THE LADY OF THE LYRICS
She is eclipsed, or gone, or in hiding. But the sixteenth century took her for granted as the object of song; she was a class, a state, a sex. It was scarcely necessary to waste the lyrist’s time—time that went so gaily to metre as not to brook delays—in making her out too clearly. She had no more of what later times call individuality than has the rose, her rival, her foil when she was kinder, her superior when she was cruel, her ever fresh and ever conventional paragon. She needed not to be devised or divined; she was ready. A merry heart goes all the day; the lyrist’s never grew weary. Honest men never grow tired of bread or of any other daily things whereof the sweetness is in their own simplicity.
The lady of the lyrics was not loved in mortal earnest, and her punishment now and then for her ingratitude was to be told that she was loved in jest.

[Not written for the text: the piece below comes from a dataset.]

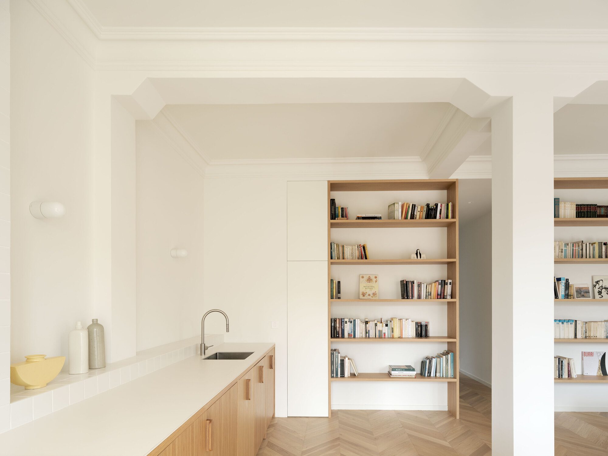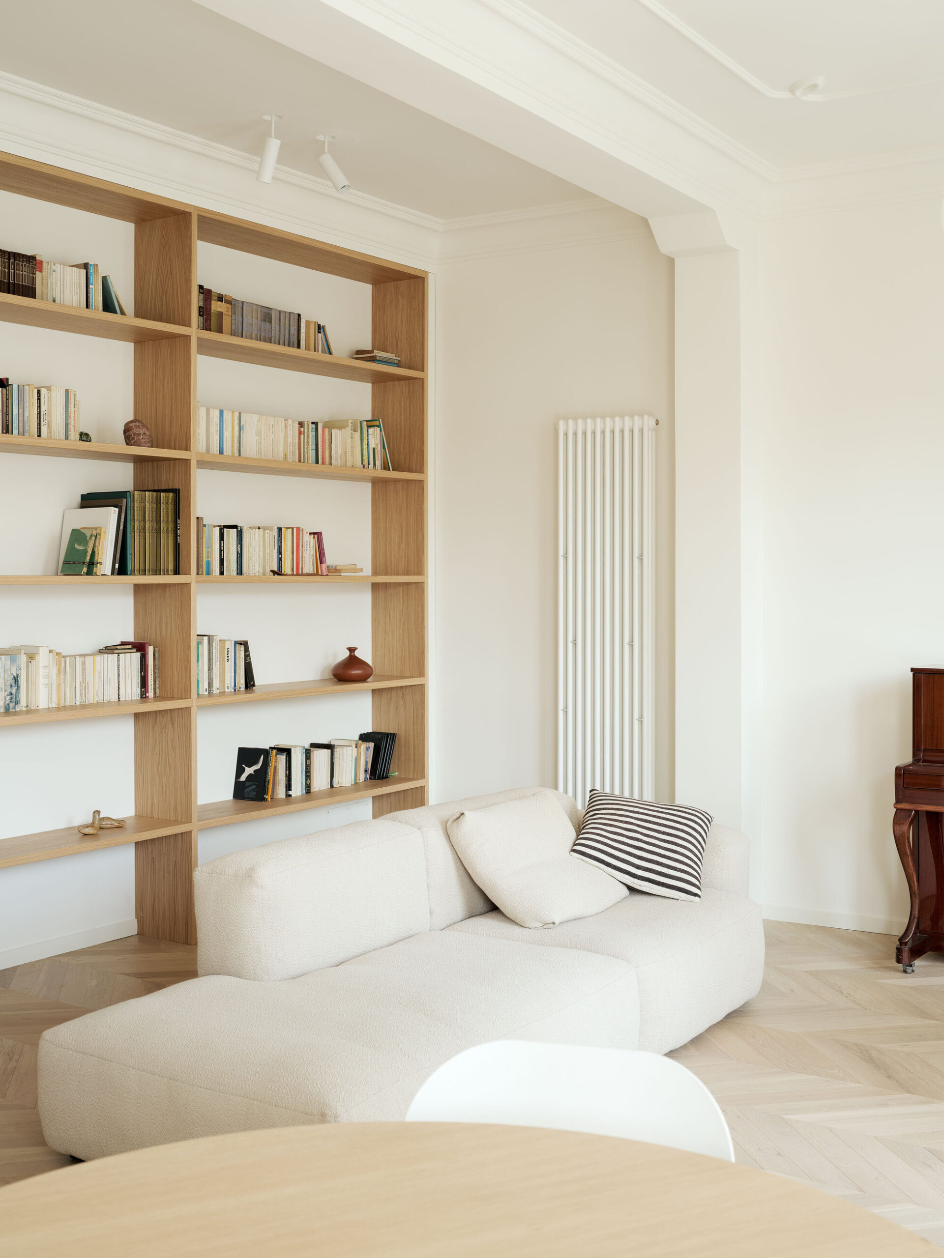 Special attention has been paid to the design of each integrated furniture element. Our studio designed the kitchen and shelves, as well as the dining table. These elements are made with oak plywood and finished with varnishes and natural oils. Every detail, from the design of the kitchen cabinet and its hand-made handles to the assembly of the shelving parts, has been carefully designed to give the space uniqueness.

She did not love; her fancy was fickle; she was not moved by long service, which, by the way, was evidently to be taken for granted precisely like the whole long past of a dream. She had not a good temper. When the poet groans it seems that she has laughed at him; when he flouts her, we may understand that she has chidden her lyrist in no temperate terms. In doing this she has sinned not so much against him as against Love. With that she is perpetually reproved. The lyrist complains to Love, pities Love for her scorning, and threatens to go away with Love, who is on his side. The sweetest verse is tuned to love when the loved one proves worthy.
There is no record of success for this policy. She goes on dancing or scolding, as the case may be, and the lyrist goes on boasting of his constancy, or suddenly renounces it for a day. The situation has variants, but no surprise or ending. The lover’s convention is explicit enough, but it might puzzle a reader to account for the lady’s. Pride in her beauty, at any rate, is hers—pride so great that she cannot bring herself to perceive the shortness of her day. She is so unobservant as to need to be told that life is brief, and youth briefer than life; that the rose fades, and so forth.
Now we need not assume that the lady of the lyrics ever lived. But taking her as the perfectly unanimous conception of the lyrists, how is it she did not discover these things unaided? Why does the lover invariably imagine her with a mind intensely irritable under his own praise and poetry? Obviously we cannot have her explanation of any of these matters. Why do the poets so much lament the absence of truth in one whose truth would be of little moment? And why was the convention so pleasant, among all others, as to occupy a whole age—nay, two great ages—of literature?